Segment Open
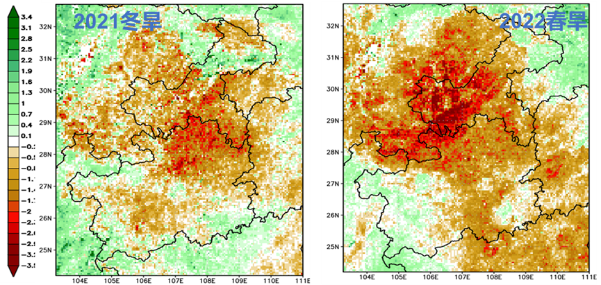 图4 贵州重庆地区2021冬旱(左)和2022春旱(右)的基于风云遥感的干旱指数空间分布图
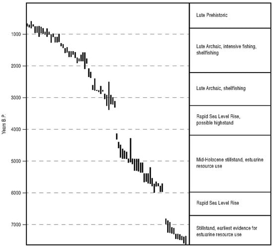 These initial pollen data thus indicate a significant level of variability in coastal marshland ecology during the Holocene, although the palynological assessment may be limited by the poor pollen productivity of deep, freshwater aquatics of strong indicative value (esp. low-salinity indicators, such as Nymphaea and Potamogeton), the isolated presence of which may be important for interpretations, though the absence is not significant. Relative Amaranthaceae provided the strongest indications (of relative salinity) in statistical terms, although a Modern rise in halophytes at NB was not emphatic, according to incremental sum of squares analysis []. Finally, freshwater estuarine development circa 5800 and after 3000 BP, which provides a highly productive biota [], was also correlated with human occupation sites on the TGCP, according to Robert Ricklis (Figure 9), and geologically defined sea-level still stands. The palynological data presented here thus suggest a potential link between the high biotic productivity of estuarine marshes and sea-level still-stand phases in the TGCP during the last 8000 years.
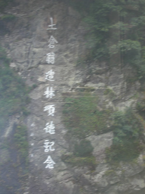 突然、前方吉野川の対岸に「土倉翁造林頌徳記念」と白い文字で刻まれた鎧掛岩が出現した。一文字の大きさは2m四方、刻字の深さ36cmとのこと。土倉庄三郎は、吉野林業の中興の祖といわれ、「吉野林業全書」を出版し、「土倉式造林法」を確立し吉野式造林技術を全国各地に広めると共に、自らも植林事業を進めたとのこと。また、筏師の生命の危険減少・筏流送の能率向上の為、吉野川の改修を行ったり、道路の開設・改修(現在の国道169号他多数)を行たという。さらに、私費により小学校(川上村大滝・西河)を開校し村内の子供の教育を進め、明治初期、自由民権運動に資金を援助し政治にも多額の献金を納め社会的にも有名な人であった。1900年当時の首相(山縣有朋)から還暦祝として「樹喜王の称号」を送られたとのことである。進行方向道路の右側、旧土倉邸跡に土倉翁の銅像が建っていた。
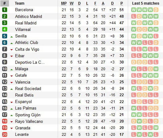 За счет поражения «Атлетико», «сливочные» подобрались к «кольчонерос» максимально близко – только один зачетный пункт разделяет мадридские команды в турнирной таблице. Может, подопечным Зидана удастся обогнать и «Барселону»?..
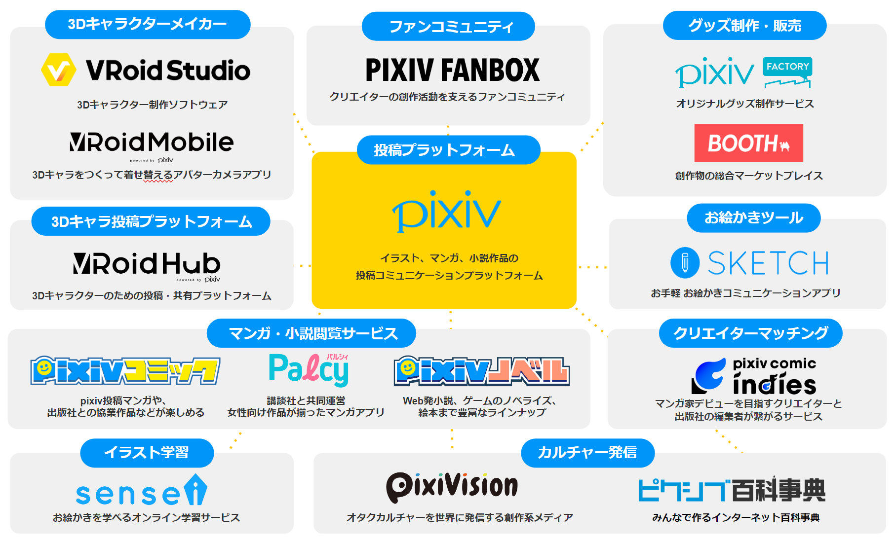 「Accelerate creativity. 創作活動を、もっと楽しくする。」という理念のもと、クリエイターを支援するさまざまなサービスを提供しています。登録者数9800万人を超える、イラスト、マンガ、小説作品の投稿プラットフォーム「pixiv」、創作物の総合マーケットプレイス「BOOTH」、ファンコミュニティ「pixivFANBOX」、3Dキャラクター制作ソフトウェア「VRoid Studio」など16の事業を展開し、世界中の人々の創作活動を応援しています。
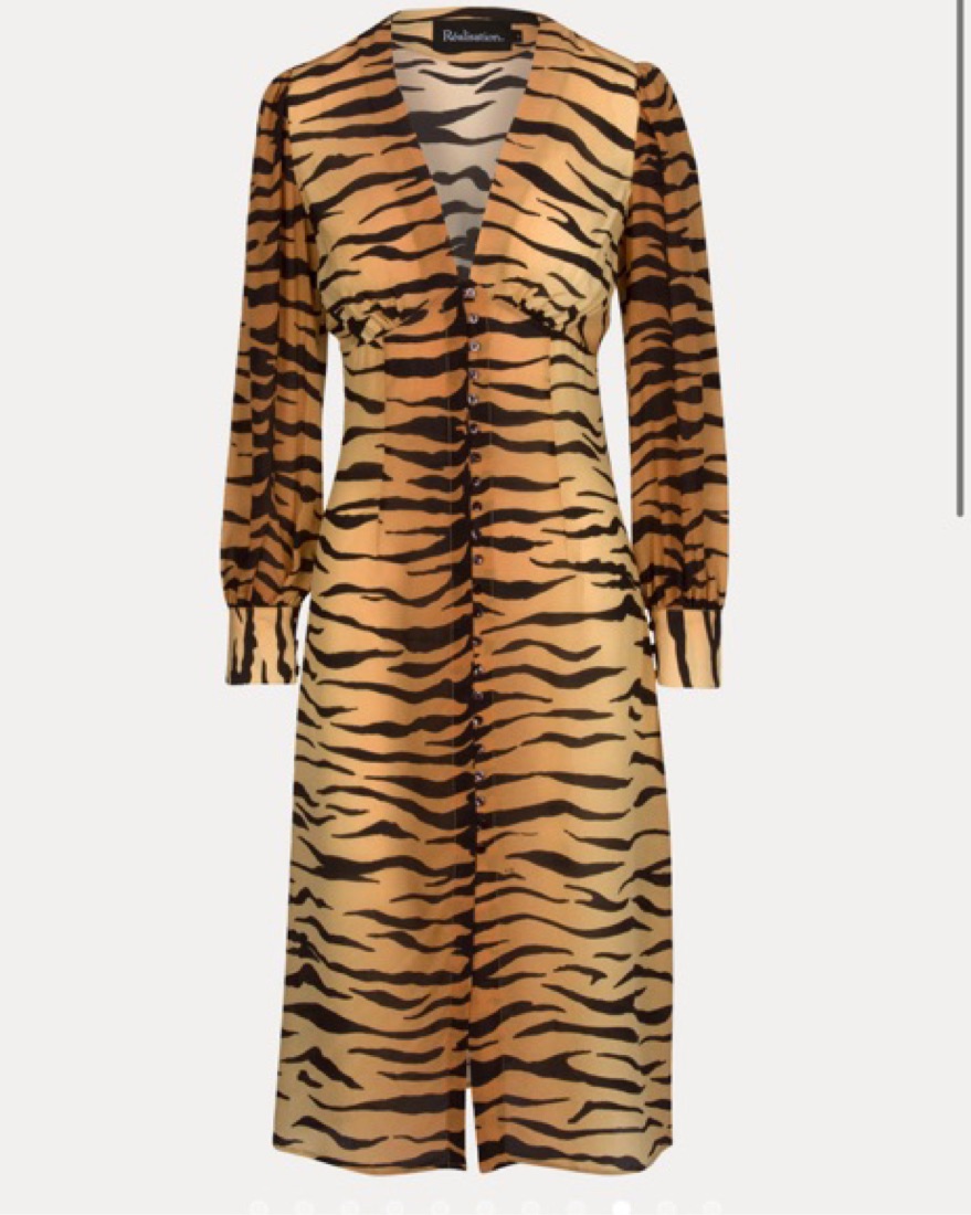 Realisation par vivienne dress in tiger print size XS. Super cool dress and looks amazing on.
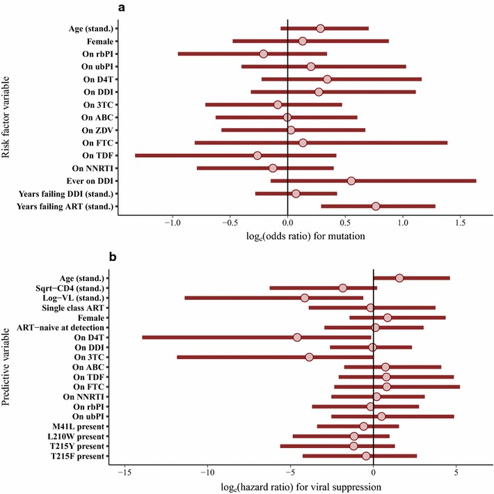 Results: A total of 180 patients with Q151M mutation and 85 with T69i mutation were identified, almost entirely from before 2006. Occurrence of both the Q151M and T69i mutations was strongly associated with cumulative period of virological failure while on ART, and for Q151M there was a particular positive association with use of stavudine and negative association with use of boosted-protease inhibitors. Subsequent viral suppression was negatively associated with viral load at sequencing for both mutations, and for Q151M we found a negative association with didanosine use but a positive association with boosted-protease inhibitor use. The results obtained in these analyses were also consistent with potentially large associations with other drugs. Analyses were inconclusive regarding associations between the mutations and mortality, but mortality was high for patients with low CD4 at detection.
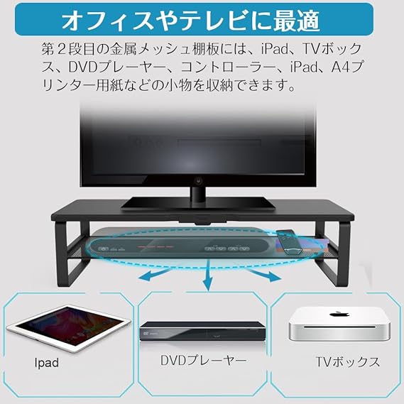 【二段収納&省スペース】 二段目の金属網状棚(取り外し可能):iPad、DVDレコーダー、付箋や、ペン、ファイル、ノートPCなどをしまっておくにも便利。 モニター台の下:大きめのキーボード収納できるし、ホコリ等が溜まりにくくなります,机の上も広くなりました,空いたスペースで読書や事務作業など、デスクを広く快適に使えます。
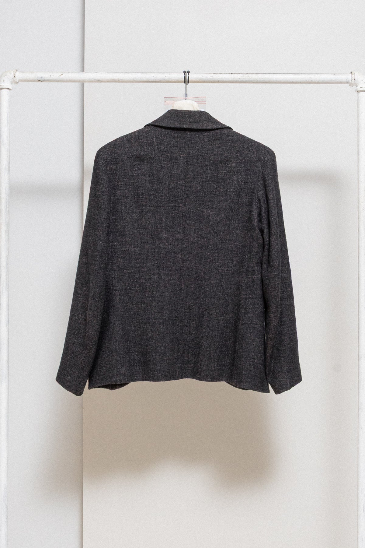 Beautiful jacket made of a textured wool and linen blend, featuring horizontal peak lapels making the collar flare out. Close to the body open cut with slightly cinched waist. Fully lined. Simple yet vey elegant piece !
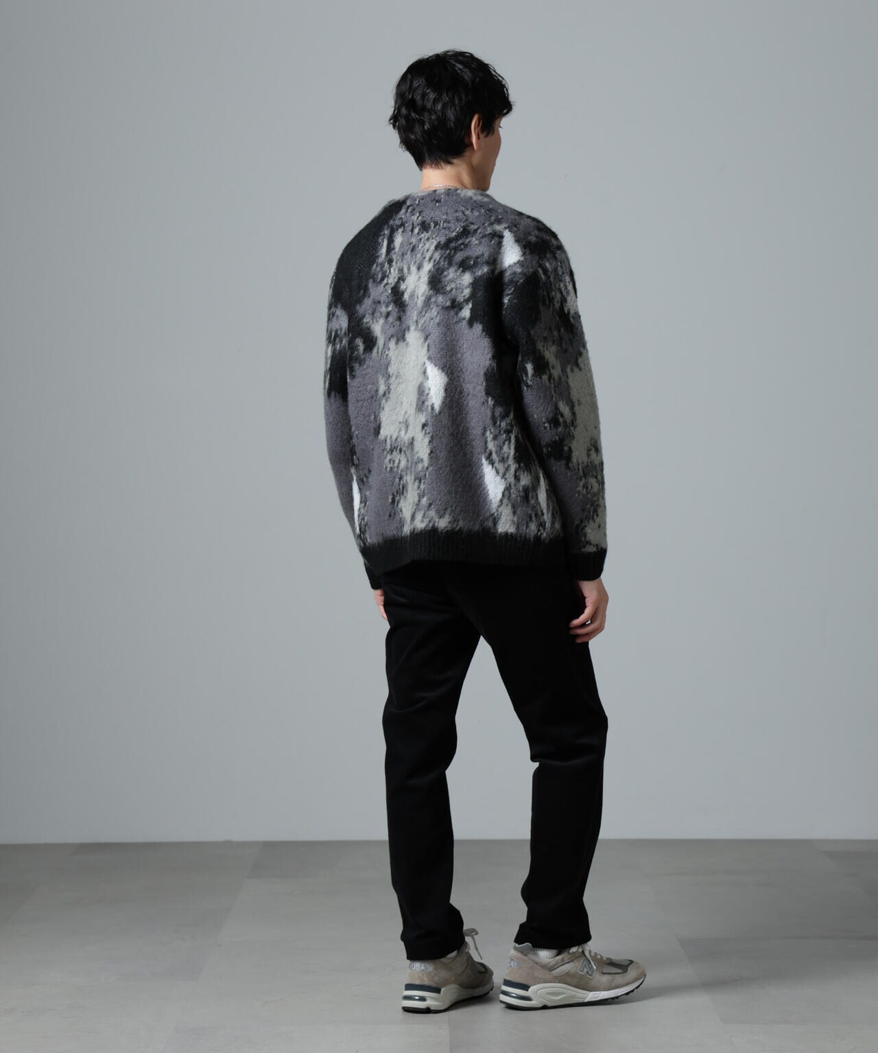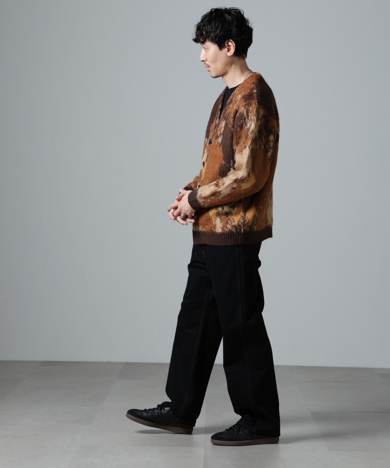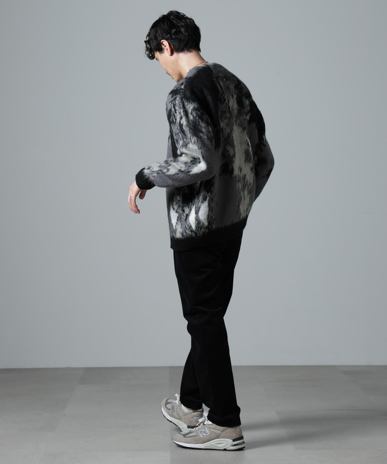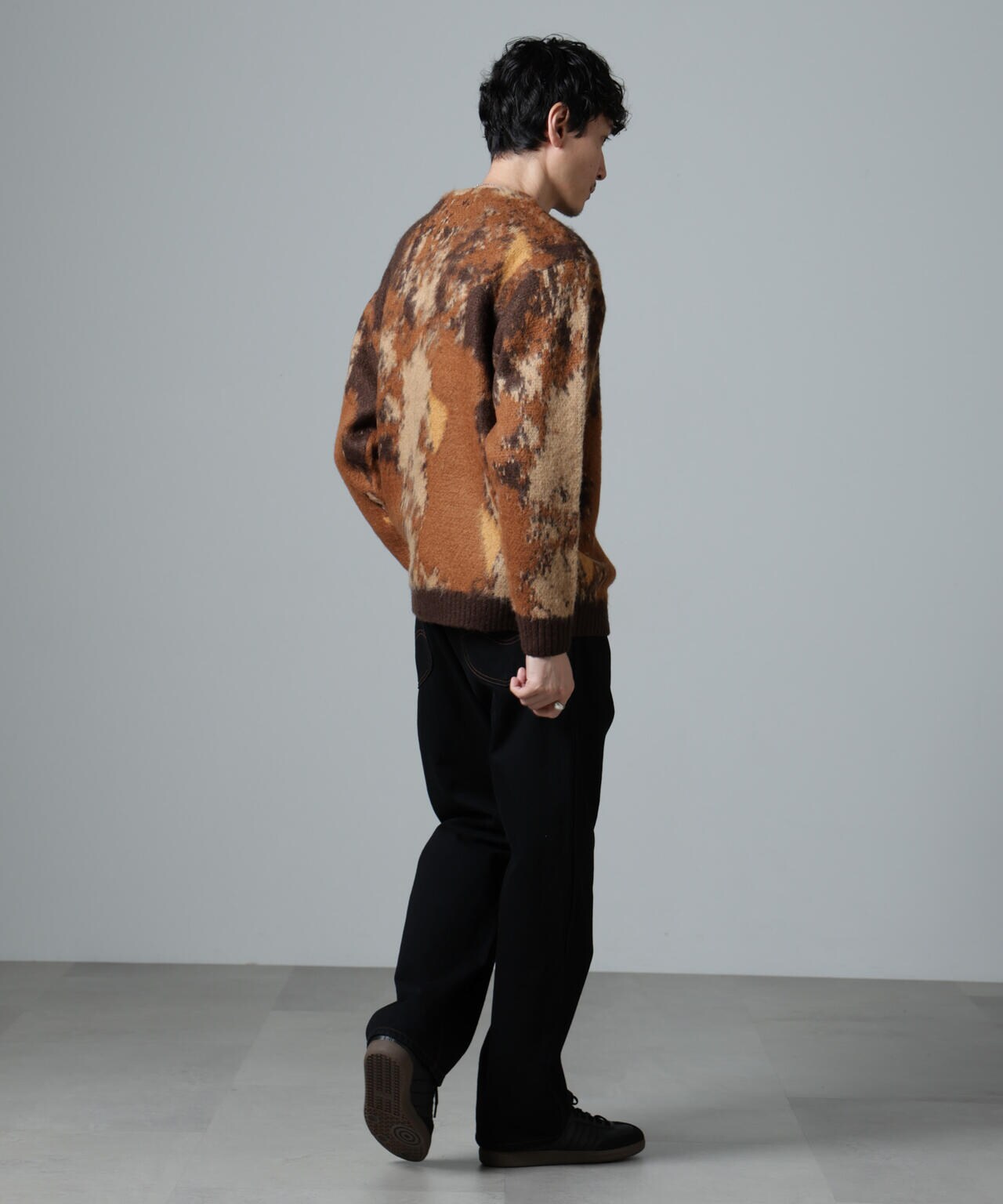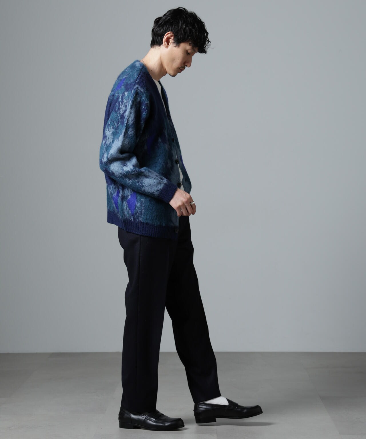 主役級のひと癖あるオリジナルのパターンが魅力のカーディガン。モヘヤのようなふんわりとした肌触りも魅力です。同素材展開のクルーネックニットもおすすめ◎
Segment Closed
__Task item__
Pictures are to be dropped; the lines from the start of the entries above through the line with "These initial pollen" are to be given again verbatim.

__Response to this exercise__
 图4 贵州重庆地区2021冬旱(左)和2022春旱(右)的基于风云遥感的干旱指数空间分布图
 These initial pollen data thus indicate a significant level of variability in coastal marshland ecology during the Holocene, although the palynological assessment may be limited by the poor pollen productivity of deep, freshwater aquatics of strong indicative value (esp. low-salinity indicators, such as Nymphaea and Potamogeton), the isolated presence of which may be important for interpretations, though the absence is not significant. Relative Amaranthaceae provided the strongest indications (of relative salinity) in statistical terms, although a Modern rise in halophytes at NB was not emphatic, according to incremental sum of squares analysis []. Finally, freshwater estuarine development circa 5800 and after 3000 BP, which provides a highly productive biota [], was also correlated with human occupation sites on the TGCP, according to Robert Ricklis (Figure 9), and geologically defined sea-level still stands. The palynological data presented here thus suggest a potential link between the high biotic productivity of estuarine marshes and sea-level still-stand phases in the TGCP during the last 8000 years.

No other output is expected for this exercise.